Biochemists at Oregon State University have made a fundamental discovery about protein structure that sheds new light on how proteins fold, which is one of the most basic processes of life.
The findings, announced today in Science Advances, will help scientists better understand some important changes that proteins undergo. It had previously been thought to be impossible to characterize these changes, in part because the transitions are so incredibly small and fleeting.
The changes relate to how proteins convert from one observable shape to another—and they happen in less than one trillionth of a second, in molecules that are less than one millionth of an inch in size. It had been known that these changes must happen and they have been simulated by computers, but prior to this no one had ever observed how they happen.
Now they have, in part by recognizing the value of certain data collected by many researchers over the last two decades.

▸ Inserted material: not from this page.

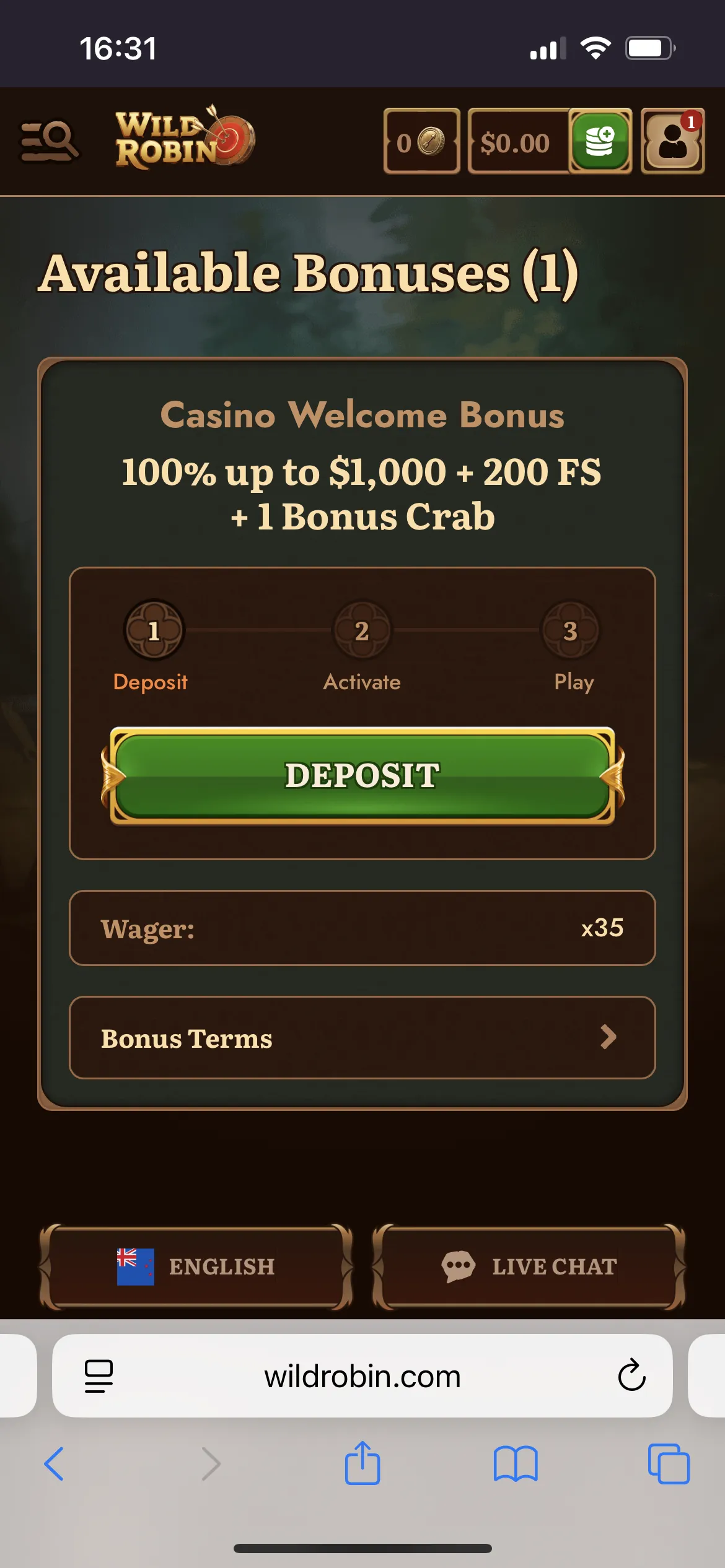 The registration process at Wild Robin is identical to many other popular NZ casino sites with name, address, phone number, email, and password. I chose a casino welcome bonus since it seemed pretty generous: 100% up to 1,000 NZD + 200 free spins and 1 bonus crab. But in reality, each bonus can be claimed once at a time. So the first bonus I claimed was 100% with the wager 35x and after I was eligible to claim free spins. Wild Robin Casino credits 20 FS at once but for 10 days. If I spent 3-5 days playing the first bonus, then during these days I would lose the opportunity to win and test my luck with 60-100 bonus spins.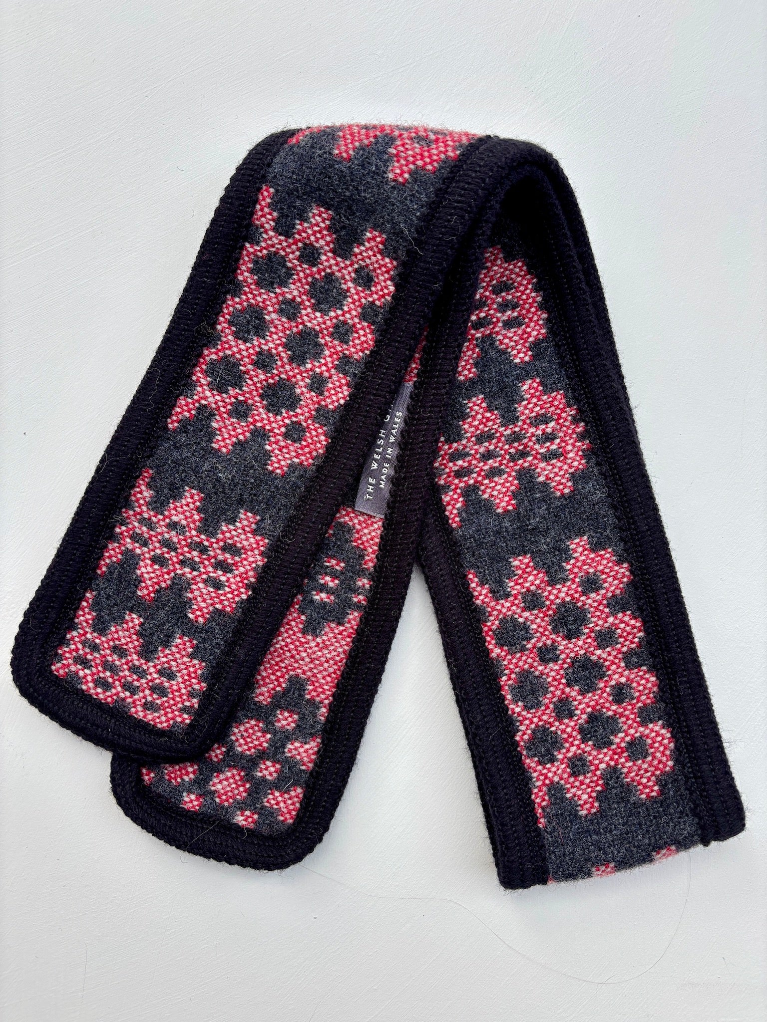 Only a limited number of these warm, timeless, versatile tie neck scarves have been made from the last of the Welsh tapestry cloth woven at Melin Teifi.

"Actual evidence of these transitions was hiding in plain sight all this time," said Andrew Brereton, an OSU doctoral student and lead author on this study. "We just didn't know what to look for, and didn't understand how significant it was."
All proteins start as linear chains of building blocks and then quickly fold to their proper shape, going through many high-energy transitions along the way. Proper folding is essential to the biological function of proteins, and when it doesn't happen correctly, protein folding diseases can be one result—such as Alzheimer's disease, Lou Gehrig's disease, amyloidosis and others.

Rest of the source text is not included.